Secularism has been declared by Supreme Court to be one of the basic features of the Constitution. A long line of decisions delivered by Supreme Court on the subject have explained the meaning of the term ‘secular’ and ‘secularism’, but before we refer to the judicial pronouncements on the subject we may gainfully refer to what Dr. Radhakrishnan the noted statesman/philosopher had to say about India being a secular State in the following passage:

“When India is said to be a secular State, it does not mean that we reject reality of an unseen spirit or the relevance of religion to life or that we exalt irreligion. It does not mean that Secularism itself becomes a positive religion or that the State assumes divine prerogatives. Though faith in the Supreme is the basic principle of the Indian tradition, the Indian State will not identify itself with or be controlled by any particular religion.

We hold that no one religion should be given preferential status, or unique distinction, that no one religion should be accorded special privileges in national life or international relations for that would be a violation of the basic principles of democracy and contrary to the best interests of religion and government. This view of religious impartiality, of comprehension and forbearance, has a prophetic role to play within the national and international life.

No group of citizens shall arrogate to itself rights and privileges, which it denies to others. No person should suffer any form of disability or discrimination because of his religion but all like should be free to share to the fullest degree in the common life. This is the basic principle involved in the separation of Church and State.”

Dr. B.R. Ambedkar on Secular State

Dr.
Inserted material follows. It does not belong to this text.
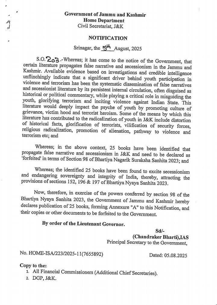 A notification issued by the Home Department on Tuesday said, “Available evidence based on investigations and credible intelligence unflinchingly indicate that a significant driver behind youth participation in violence and terrorism has been the systematic dissemination of false narratives and secessionist literature.” It alleged that the identified books have played a “critical role” in “misguiding the youth, glorifying terrorism and inciting violence against the Indian State.”

B.R. Ambedkar also explained the significance of ‘secular state’ in the Parliamentary debate in the following words:

“A secular state does not mean that we shall not take into consideration the religious sentiments of the people. All that a secular State means is that this parliament shall not be competent to impose any particular religion upon the rest of the people”

Saifuddin Saheb v. State of Bombay

In Saifuddin Saheb v. State of Bombay AIR 1962 SC 853 a Constitution bench of Supreme Court described secularism thus :-

“50. These Articles embody the principle of religious toleration that has been the characteristic feature of Indian civilization from the start of history, the instances and periods when this feature was absent being merely temporary aberrations. Besides, they serve to emphasize the secular nature of the Indian democracy which the founding fathers considered should be the very basis of the Constitution.”

Ahmedabad St. Xavier’s College Society and Anr. v. State of Gujarat

Again in the Ahmedabad St. Xavier’s College Society and Anr. v. State of Gujarat and Anr. (1974)1 SCC 717 a Nine-Judge bench explained the secular character of the Indian Constitution and said:

“75. …….. There is no mysticism in the secular character of the State. Secularism is neither anti-God nor pro-God; it treats alike the devout, the agnostic and the atheist. It eliminates God from the matters of the State and ensures that no one shall be discriminated against on the ground of religion.”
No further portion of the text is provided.